Выход нашелся совершенно случайно.
В одно хмурое утро, когда Ева провожала брата в школу, она столкнулась на пороге с его преподавательницей, которая сетовала на то, что от них сбежал очередной учитель. Предмет, который он преподавал, был весьма пространным — он включал в себя основы мировой художественной культуры, азы живописи и музыки.
— Погоди-ка, Ева, — взглянула на девушку поверх толстых очков мадам Бази, — а ты разве не училась всему этому в Париже?
— По большей части живописи, но…
— Уверена, твоих знаний более чем достаточно! И ты любишь детей!
— Да, но…
— Конечно, больших денег мы предложить не можем, — не обращая внимания на ошеломленное лицо Евы, продолжила мадам Бази, — но зато Себастьян всегда будет у тебя на глазах. Сможешь приступить в понедельник?
Так Ева стала учителем.
Первый день дался ей непросто, но прошла неделя, и Ева вполне привыкла к своей новой работе. Шумные ученики не давали ей сосредоточиться на грустных мыслях о несчастной любви, и девушка с большой охотой задерживалась в школе до самого вечера, готовясь к новым урокам.
Себастьян был счастлив от того, что сестра постоянно была рядом с ним, и все же он не мог не заметить грусти в бездонных черных глазах, которую Ева так долго пыталась от него скрыть.
— Ты скучаешь по месье Элайдже? — неожиданно спросил он в один из тихих вечеров, который они проводили у телевизора.
— Да, — почти помимо воли вырвалось у Евы, и она прикусила губу, глядя на брата.
— Он тебе нравился?
— С чего ты… — нахмурилась девушка, отводя глаза.
— Ты не пошла на свидание с доктором Габеном, — вдумчиво проговорил мальчик, — и ухаживала за ним, когда он был болен. Он, должно быть, хороший человек.
— Да, хороший, — кивнула Ева, чувствуя, как в горле появляется ком.
— А он не вернется? Как же его дом?
— Он… он попросил меня следить за ним, — выдохнула девушка.
— Значит, он приедет вновь, — улыбнулся Себастьян, — разве можно бросить дом?
— Он уехал к своей семье, Себ.
— Ты ведь говорила, что он одинок?
— Я… я не знала, — судорожно вздохнув, отозвалась Ева, — у него есть… родные.
— Странно, — свел брови мальчик, — но если он уехал к семье, то я за него рад.
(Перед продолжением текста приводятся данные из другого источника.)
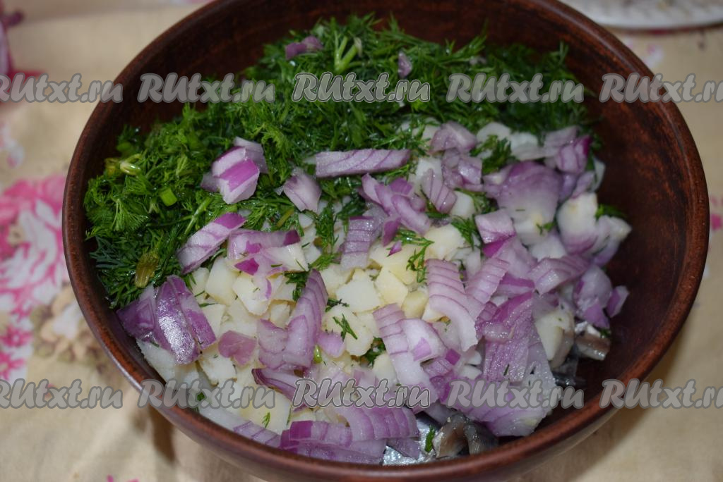В миску добавить майонез, горчицу и свежемолотый перец. Салат из хамсы не солить, пока он не заправлен, так как хамса может быть солоноватой!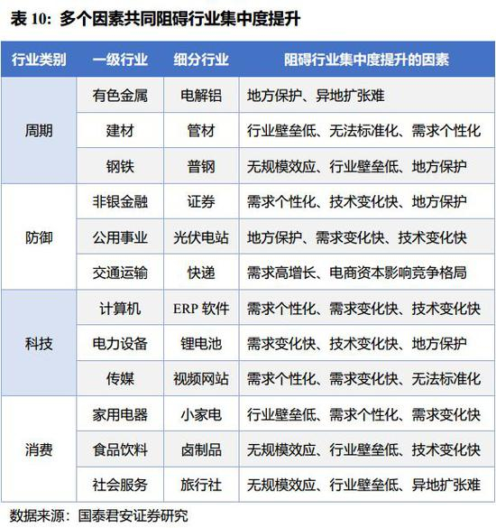 多个因素共同阻碍行业集中度提升。如普钢行业受到无规模效应、行业壁垒低、地方保护的影响,视频网站受到需求个性化、需求变化快和无法标准化的影响。下表列出部分行业的集中度提升的阻碍因素。

И ты не печалься, Ева.
— Не буду, — натянуто улыбнулась девушка, и больше они подобных тем не поднимали.
И все же, не смотря на все доводы разума, Ева никак не могла перестать думать об Элайдже.
Она продолжала, будто по инерции
Доктор Габен еще несколько раз звонил ей, пытаясь пригласить на свидание, но Ева твердо, хотя и предельно вежливо дала ему понять, что не заинтересована в их личном общении. Мужчина смирился, и теперь они встречались лишь в больнице, на периодических осмотрах Себастьяна, где их взаимодействие порой ограничивалось лишь коротким приветствием.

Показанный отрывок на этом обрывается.